CEEF also recognizes Tracey Runeare, principal of Harbor High School, who created flexible support for special education students and staff to explore climate resilience by working with State Park Rangers on a series of collaborations, and in the process, facilitating inclusive and justice-oriented learning environments. Lastly, we would like to give special recognition to Janine Jacinto for going above and beyond, engaging her students in the City of Lodi’s watershed education programs since 2003, and exemplifying environmental benefit.
Congratulations to the educators and administrators who have gone the extra mile to develop their students’ understanding of climate change and empower them to think critically about the socio-political issues related to climate justice.
Rob Wade, Plumas County Office of Education
CEEF awarded Rob Wade, Science and Outdoor Education Coordinator for the Plumas County Office of Education, the Excellence in Environmental Education Award on June 22 in Rancho Cordova. The award was presented during the State Science Communities of Practice meeting. Rob oversees three EE programs for the Plumas USD and works with many community partners to support these programs, including the Feather River Land Trust, the Plumas Corporation, and the US Forest Service. Each year, Rob coordinates professional learning for all of the teachers in Plumas County and provides school and field site support for teachers as they take their students outdoors. He has developed a unique approach to EE that he calls “Outdoor Core”, using the local environment as a context for implementing the Common Core and Next Generation Science Standards. Rob has also developed the 6th Grade Watershed “Plumas to the Pacific” Program, where every 6th grader in the district takes a 5-day field trip from the headwaters to the Feather River, tracing it through the Delta and out through the Golden Gate.
Creating bridges between EE and the K-12 classrooms on a daily basis can be a challenge. Rob is a master at using EE pedagogy strategies to make learning engaging and relevant.

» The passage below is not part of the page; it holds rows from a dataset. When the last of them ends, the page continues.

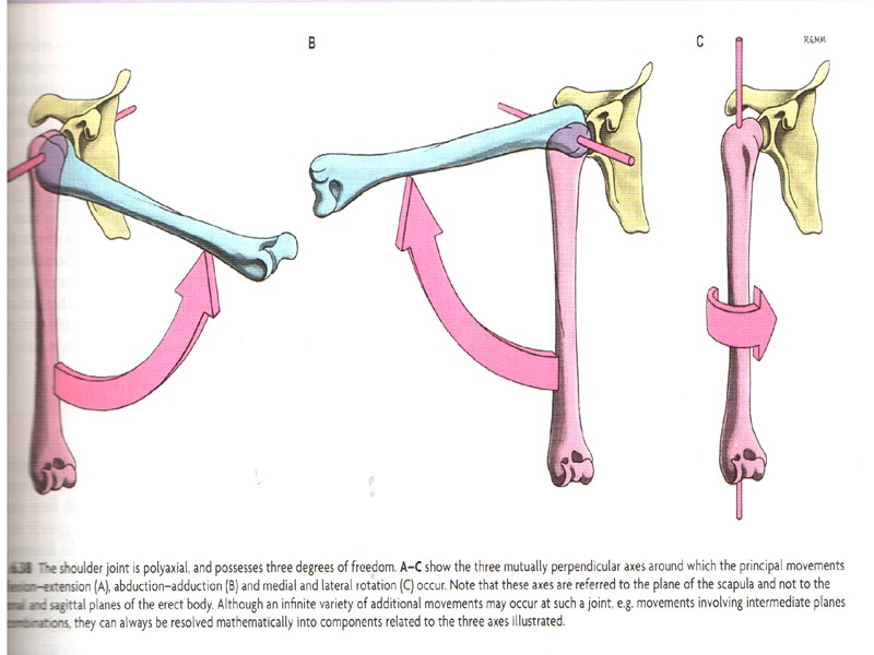 The articular cavity (cavum articulare) is a closed fissure-like space confined by the articular surfaces and capsule. It is filled with synovial fluid, a mucoid lubricant, which moistens the articular surfaces, allowing them to glide freely against each other. Synovial fluid also provides nutrients to the articular cartilage.Articular discs and menisci (disci et menisci articulares) are intraarticular cartilaginous plates of different shapes, which reduce or elim- s inate incongruity between articular surfaces. CLASSIFICATION OF JOINTS (CONTINUATION) Joints can be classified based on their anatomy or on their biome-chanic properties. According to the anatomic classification, joints are subdivided into simple and compound (composite), depending on the number of bones involved, and into complex and combination joints. Simple joints are formed by two articular surfaces (e.g. the shoulder joint, the hip joint and many other joints). Compound joints (e.g. the radiocarpal joint, etc.) are formed by three or more articular surfaces. ; Complex joints have an articular disc or meniscus (the sternoclavicular, temporomandibular and knee joints). Combination joints are groups of articulations, which are isolated anatomically, but function simultaneously. An example of this is the temporomandibular joints. According to the biomechanic classification, joints are subdivided | into uniaxial, biaxial and multiaxial, depending on the number of rotation axes they have. Uniaxial joints have one rotation axis, around which they can perform flexion and extension or abduction and adduction movements, or rotation to the outside (supination) and inside (pronation). Uniaxial articulations include hinge (elbow joint) and pivot joints (proximal and distal radioulnar articulations) (Fig.69). Biaxial joints have two axes of rotations, for example, flexion-extension and abduction-adduction. Such joints are the radiocarpal articulation (el l i p s о i d), the car-pometacarpal joint of the thumb and the atlanto-occipital joint (с о n d у l a r). Multiaxial (triaxial) joints (shoulder and hip joints) are formed by spherical articular surfaces. They can perform all types of movement: flexion-extension, abduction-adduction and supination-pronation (rotation).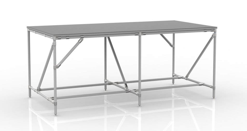 Work table made of tubular modular system with DTDL worktop 18 mm thick and with anti-slip layer 3 mm thick. The table provides full description and parameters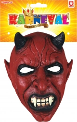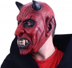 Mască din latex cu detalii înalte și elemente realiste de diavol, inclusiv coarne negre și dinți ascuțiți, care adaugă o autenticitate înfricoșătoare.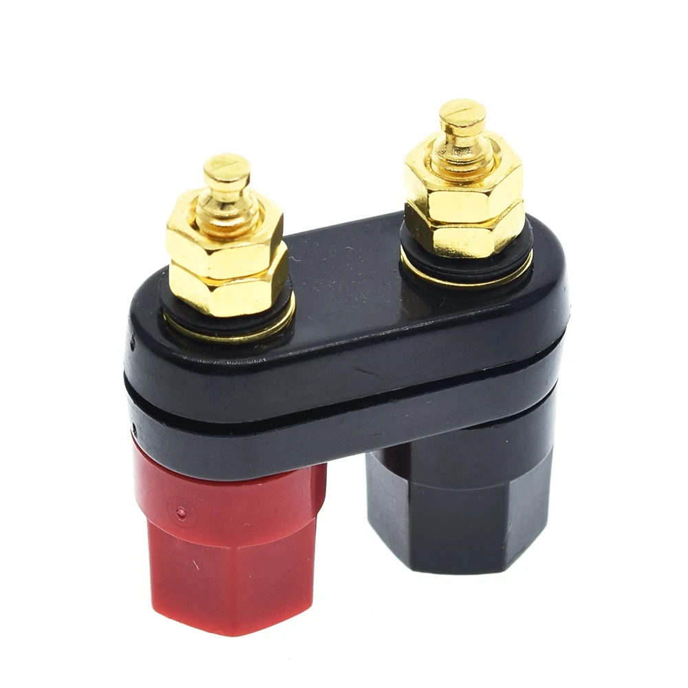 Experience the perfect blend of functionality and aesthetic appeal with this set of banana plug connectors. Crafted with shiny, gold-colored metallic finishes, these plugs are designed to add a touch of sophistication to your electronic setup. Available in configurations of 1 or 3 pieces, they feature striking red and black color coding for clear positive and negative connections. The sturdy black rectangular terminal block base provides a minimalist yet durable foundation. Each plug includes a secure gold-plated screw to firmly hold your wires, ensuring reliable electrical contact. Whether you're upgrading your audio system or working on electronic projects, these connectors offer easy installation, durability, and a sleek modern look that enhances any setup.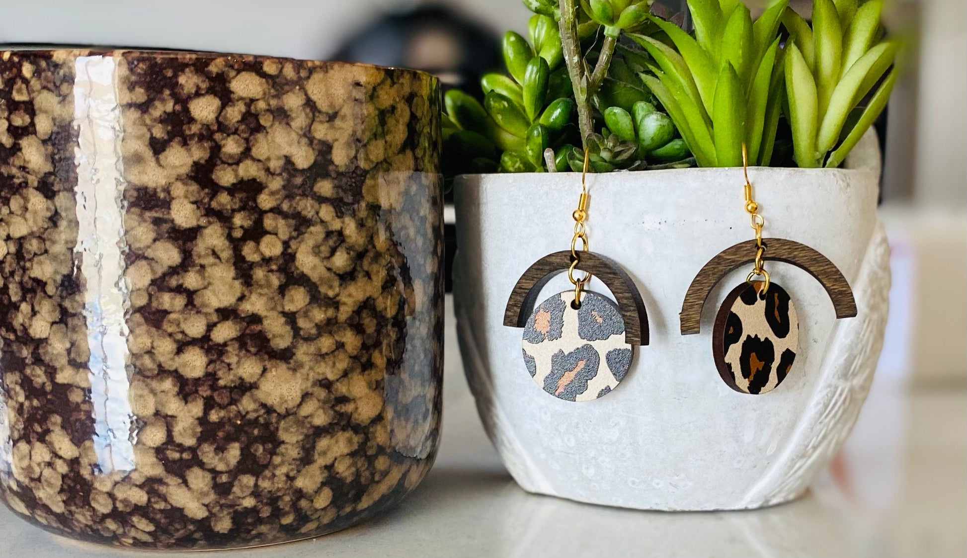 Make a bold statement with these Leopard Print Laser-Cut Dangle Earrings.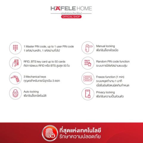 คีย์การ์ด/แท็ก บันทึกได้สูงสุด 50 ใบ (รองรับบัตร Mifare และบัตร Rabbit) พร้อมฟังก์ชันยกเลิกบัตรที่สูญหาย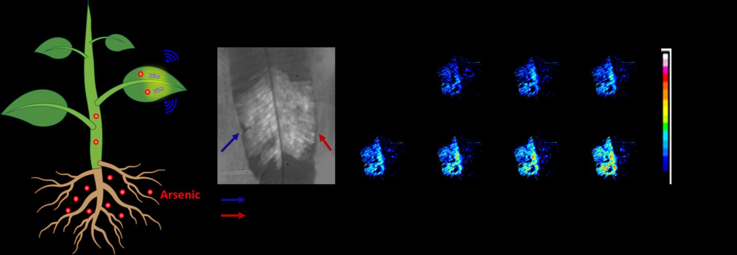 image: Non-destructive plant nanobionic sensor embedded within leaves to report arsenic levels within plants to portable electronics, enabling real-time monitoring of arsenic uptake in living plants.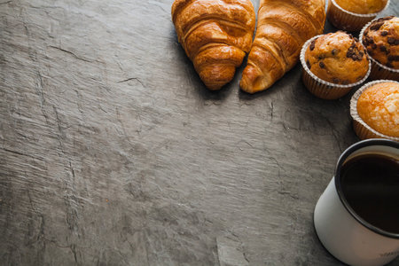 Cup of coffee and Homemade muffins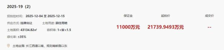 2024年12月18日,兴桐地产挥金3.5亿元连入新兴里片区2024-20,2024-21两宗商住地块(兴桐·云禧峯璟、兴桐·天汇所在地块),成交楼面价4300元/㎡。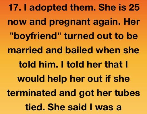 My little sister had her first kid at 15 and her second at 17. I adopted them. She is 25 now and pregnant again.Her “boyfriend” turned out to be married and bailed when she told him. I told her that I would help her out if she terminated and got her tubes tied. She said I was a monster and then proceeded to block my number, delete me on social media, and tell our extended family that I was trying to force her into a medical procedure.

He has the full support of administrators and community members and has helped an entire generation of students develop their “mountain kid” identity as stewards of the headwaters of the Feather River.
Rob says “I am in fact proud of what two decades of constant effort and a held vision have led to. Proud of every student loving where they live and caring for their Feather River homeland. Proud of all of the teachers who slowly but surely have come to use our outdoor locale to teach. Proud of the private and public community partners who have chosen to support this place-based ambition. This is a long journey and we are all on it. I am proud that what we have created can last like the land itself, in perpetuity.”